Mr. Richey directs us to no authority mandating the State conduct, or allow to be conducted, DNA testing when the petitioner is not incarcerated. Rather, he directs us to Zain I where we required inmates seeking relief due to Fred Zain’s involvement in their trials to consent to DNA testing. 190 W.Va. at 327, 438 S.E.2d at 507. Our concern in Zain I revolved around those who were still incarcerated and not those who had already been released or who had never been incarcerated. We specifically provided in Zain I, “we will direct the Clerk of this Court to prepare and cause to be distributed to the Division of Corrections an appropriate post-conviction habeas corpus form.” Id. at 327, 438 S.E.2d at 507 (emphasis added). Our concern in Zain I for those still incarcerated flowed, at least in part, from the jurisdictional requirement that habeas lies only for one “convicted of a crime and incarcerated under sentence of imprisonment therefore[.]” W. Va.Code [161]*161§ 53-4A-l(a) (1967) (2000 Repl. Vol.).7 Mr. Richey’s memorandum of law recognizes that habeas is unavailable to him as he is not incarcerated. Thus, he seeks to extend Zain I to include those who are not, or as here, who have never been, incarcerated.8 This, as we have shown above, we cannot do.9
B. No Clear Legal Right Because of Res Judicata
In their responses, both Colonel Hill and Mr. Clifford claim that Mr. Richey lacks a clear legal right to the relief he seeks because his claim is barred by res judicata. We have explained res judicata as follows:
“ ‘ “An adjudication by a court having jurisdiction of the subject-matter and the parties is final and conclusive, not only as to the matters actually determined, but as to every other matter which the parties might have litigated as incident thereto and coining within the legitimate purview of the subject-matter of the action. It is not essential that the matter should have been formally put in issue in a former suit, but it is sufficient that the status of the suit was such that the parties might have had the matter disposed of on its merits. An erroneous ruling of the court will not prevent the matter from being res judica-ta.” Point 1, Syllabus, Sayre’s Adm’r v. [162]*162Harpold, 33 W.Va. 553[, 11 S.E. 16] [(1890)].’ Syl. Pt. 1, In re McIntosh’s Estate, 144 W.Va. 583,109 S.E.2d 153 (1959).” Syllabus point 1, State ex rel. West Virginia Department of Health & Human Resources v. Cline, 185 W.Va. 318, 406 S.E.2d 749 (1991) (per curiam).
Syl. pt. 1, State ex rel. West Virginia Dep’t of Health & Hum. Res. v. Cline, 185 W.Va. 318, 406 S.E.2d 749 (1991) (per curiam). Additionally, we have observed that
[o]ur prior eases have recognized that the principles undergirding res judicata serve “to advance several related policy goals— (1) to promote fairness by preventing vexatious litigation; (2) to conserve judicial resources; (3) to prevent inconsistent decisions; and (4) to promote finality by bringing litigation to an end.”

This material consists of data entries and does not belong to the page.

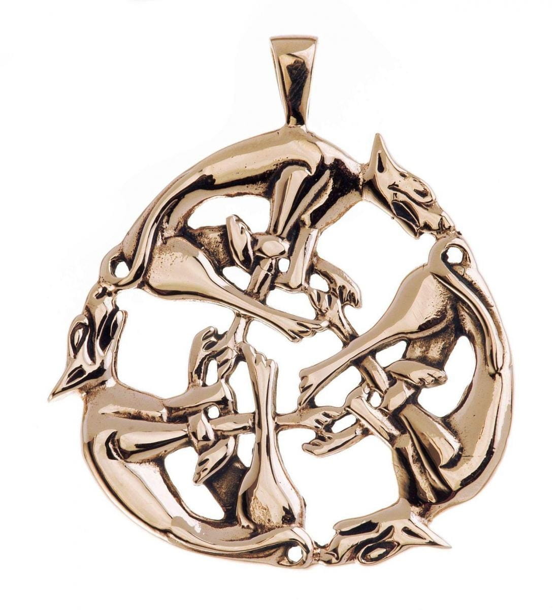 Opowieści o dzikim polowaniu są powszechne w wielu baśniach i legendach. Przedstawione na zawieszce trzy celtyckie psy symbolizują dynamiczne pościgi i siłę. Ta symbolika nawiązuje do historii myśliwego Herne i jego zwolenników, którzy podczas burzy poruszają się po nocnym niebie.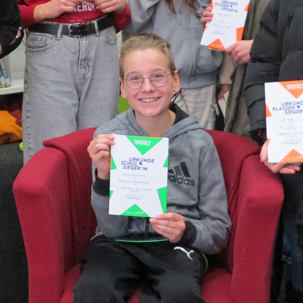 In der Besprechung der Jury wurde Simon Hennemann aus der 6D zum Schulsieger gekürt und bekam anschließend seine Urkunde von Fachbereichsleiter Markus Hoffmann überreicht. Simon überzeugte durch seinen souveränen Lesevortrag und seine lebendige Sprachgestaltung, die alle in ihren Bann gezogen hat. Viel Glück und Erfolg für den Kreisentscheid!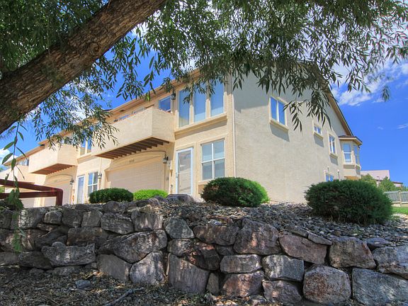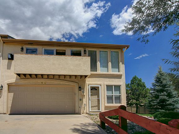 Best unit in the whole community!! Welcome Home to this beautiful 2-story townhome flooded with natural light and featuring incredible mountain and Pikes Peak views. Kitchen features a large center island with seating, cabinetry with 42" uppers, and hardwood floors. Elegant formal dining and great room with fireplace and vaulted ceilings provide excellent entertaining space. Walk-out to the front deck and enjoy those amazing mountain views and Colorado sunsets. Two upper level bedrooms and bathrooms, including the large master suite with bay window, walk-out to its own private deck and adjoining 5-pc bath with huge closet. The lower level is a perfect guest or entertaining space with a large rec room with wet bar, pantry and space for a game or dining table. Walk out from the seating area to a quiet private patio. Guests have their own bedroom and adjoining bath with walk-in closet. This end unit comes with an attached 2-car garage with opener, central air, and humidifier.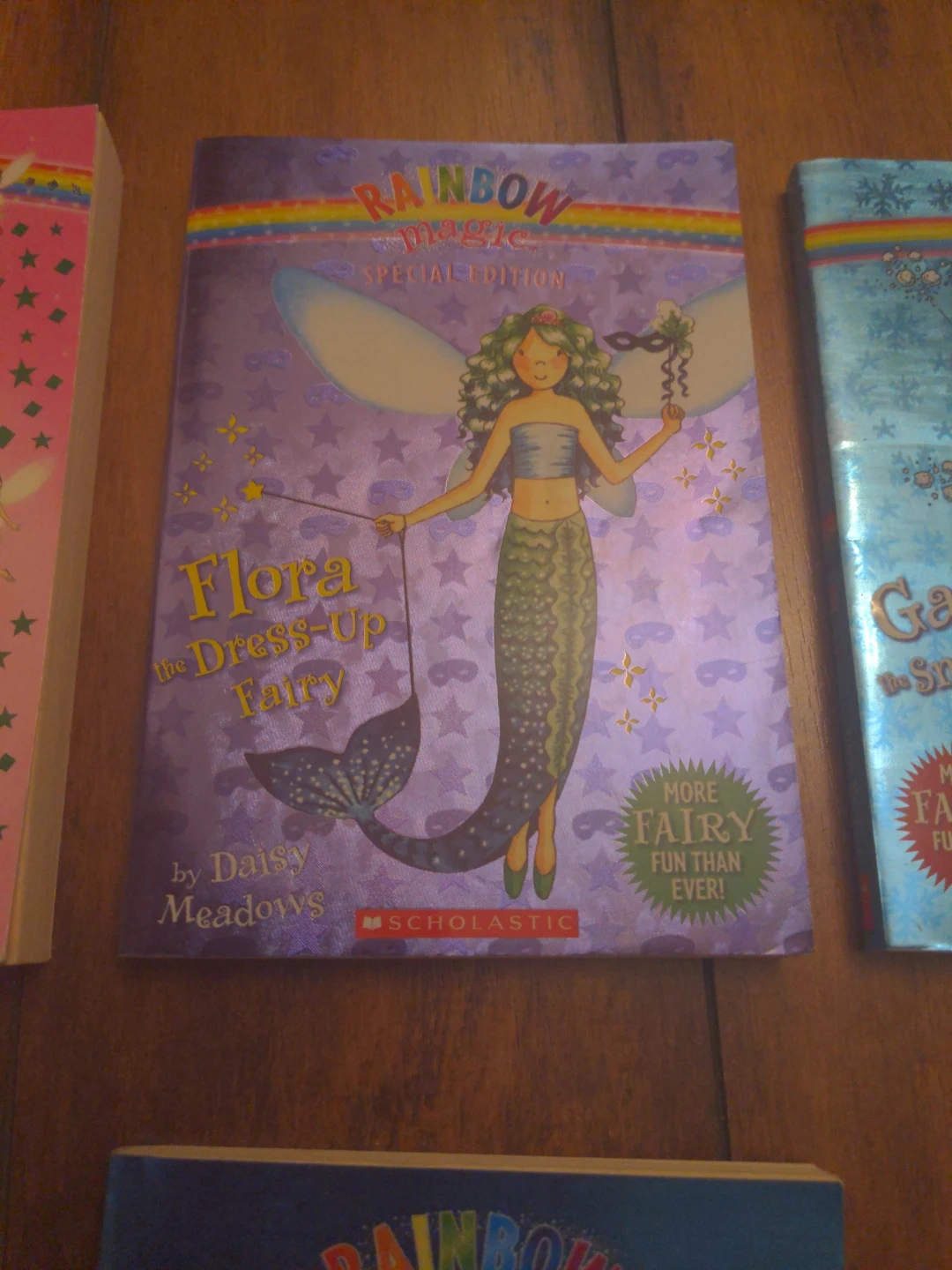 This lot includes five Rainbow Magic Special Edition fairy books by Daisy Meadows. Titles are The Jewel Fairies, Flora the Fairy, Gabriella the Snow Kingdom Fairy, Stella the Star Fairy, Brianna the Tooth Fairy, and Selena the Sleepover Fairy. These books are published by Scholastic.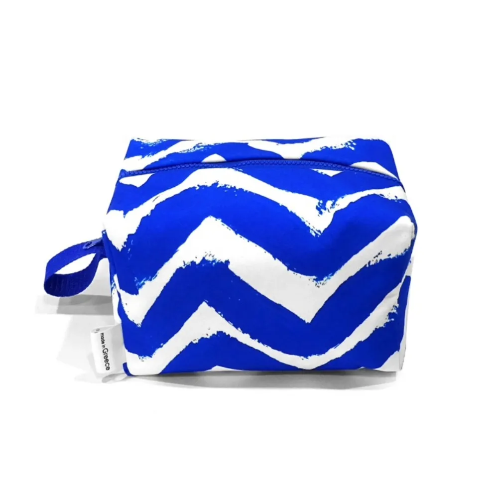 Χειροποίητη τσάντα σε σχήμα κύβου με αφηρημένες ελληνικές εκτυπώσεις. Ένα μοναδικό κομμάτι που συνδυάζει τέχνη, παράδοση και μοντέρνο design.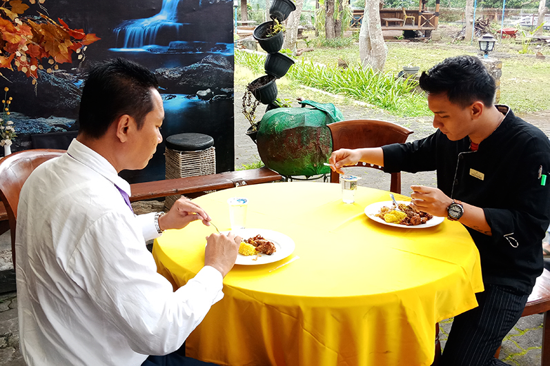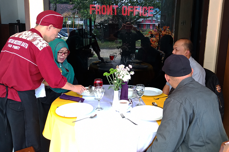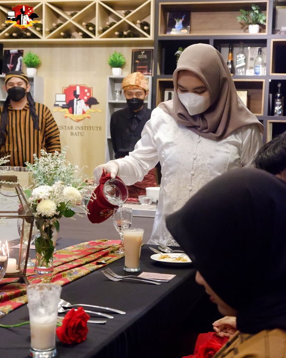 There was a strain of Javanese instrumental music in Tristar Institute Batu’s lobby. A big Calonarang mask and Poleng, Balinese fabric, were displayed at the entrance. The tables were decorated with Batik and candles. That day, on July 2nd, a Fine Dining from Cruise B was held in Tristar Institute Batu. The theme was "Wonderful Indonesia". They gave Nusantara ambiance and served foods from Islands all around Indonesia.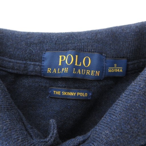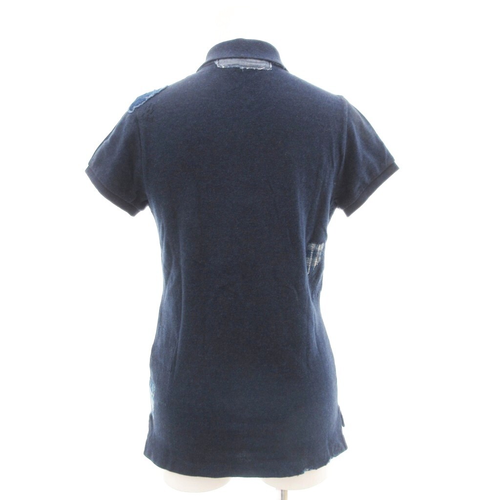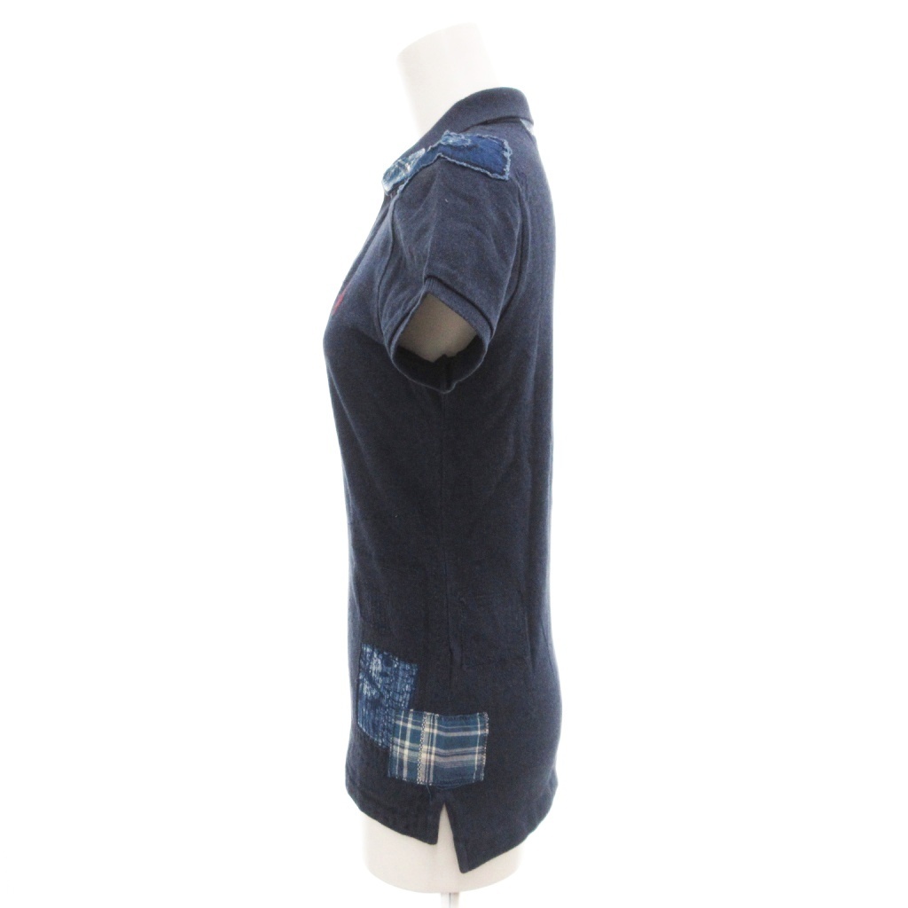 ポロ ラルフローレン POLO RALPH LAUREN THE SKINNY POLO ポロシャツ 半袖 S 紺 ネイビー 鹿の子 刺し子 パッチワーク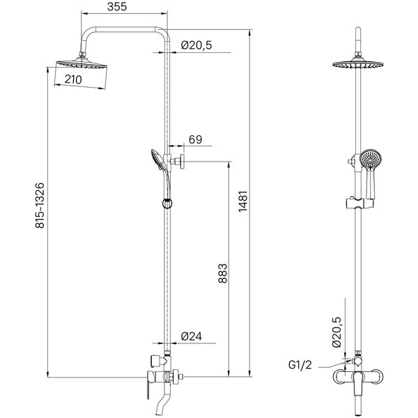 | Высота стойки для душа | 1480 мм |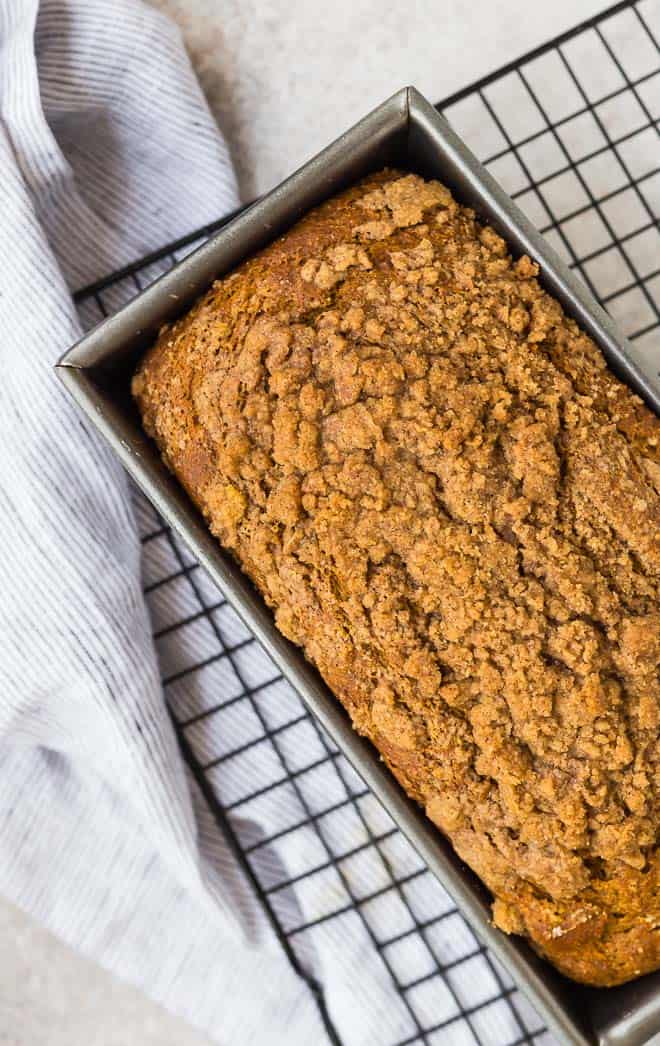 Lo mismo ocurre con este pan de calabaza. Está muy bien sin el streusel, pero con el streusel es delicioso al siguiente nivel.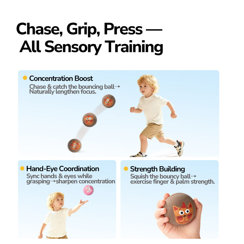 Šie netikėtai šokinėjantys sensoriniai kamuoliukai paverčia aktyvų žaidimą smagiu lavinamuoju užsiėmimu. Unikalus atšokimas skatina vaikus judėti, gaudyti ir tyrinėti judesį, o minkšta tekstūra leidžia saugiai spausti ir laikyti rankose. Puikiai tinka energijai išlieti tiek namuose, tiek lauke.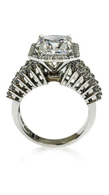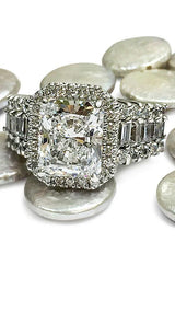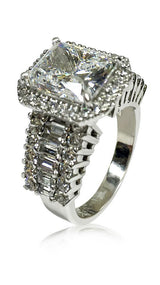 High Quality cubic zirconia Radiant Cut Platinum Engagement Ring with baguette round stones

State v. Miller, 194 W.Va. 3, 10 n. 8, 459 S.E.2d 114, 121 n. 8 (1995) (citations omitted).
Mr. Richey responds, however, that res judicata should not be applied if it would be unjust. While we have been cognizant of the need to ensure that application of res judicata does not “plainly defeat the ends of Justice[,]” Gentry v. Farruggia, 132 W.Va. 809, 811, 53 S.E.2d 741, 742 (1949), such an exception must be based upon “extraordinary circumstances” and “courts should be loathe to exercise this power.” Sims v. State, 771 N.E.2d 734, 738 n. 2 (Ind.Ct.App.2002). Accord Arwood v. J.P. & Sons, Inc., 759 So.2d 848, 850 (La.Ct.App.2000) (interests of justice exception should be granted only in exceptional cases in order to not defeat the purposes of res judicata). In this case, we face a situation that even more than usual justifies application of res judicata.
As one leading treatise notes, “a dismissal of a second action on the ground that it is precluded by a prior action is itself effective as res judicata, and a judgment on the merits that forecloses further litigation of the preclusion question in a third action.” 18A Charles Alan Wright, Arthur R. Miller & Edward H. Cooper, Federal Practice and Procedure § 4435 at 148 (2d ed. 2002) (footnote omitted). In short, a determination of res judicata is itself res judicata. If anything, the rule that a finding of res judicata is itself res judicata is of stronger force than a determination to apply res judicata in the first instance. “The principles of res judicata apply to preclude relitigation of the res judicata issue just as cogently as with any oilier issue, and perhaps even more cogently.” 18 Federal Practice & Procedure, supra § 4404 at 65 (footnote omitted).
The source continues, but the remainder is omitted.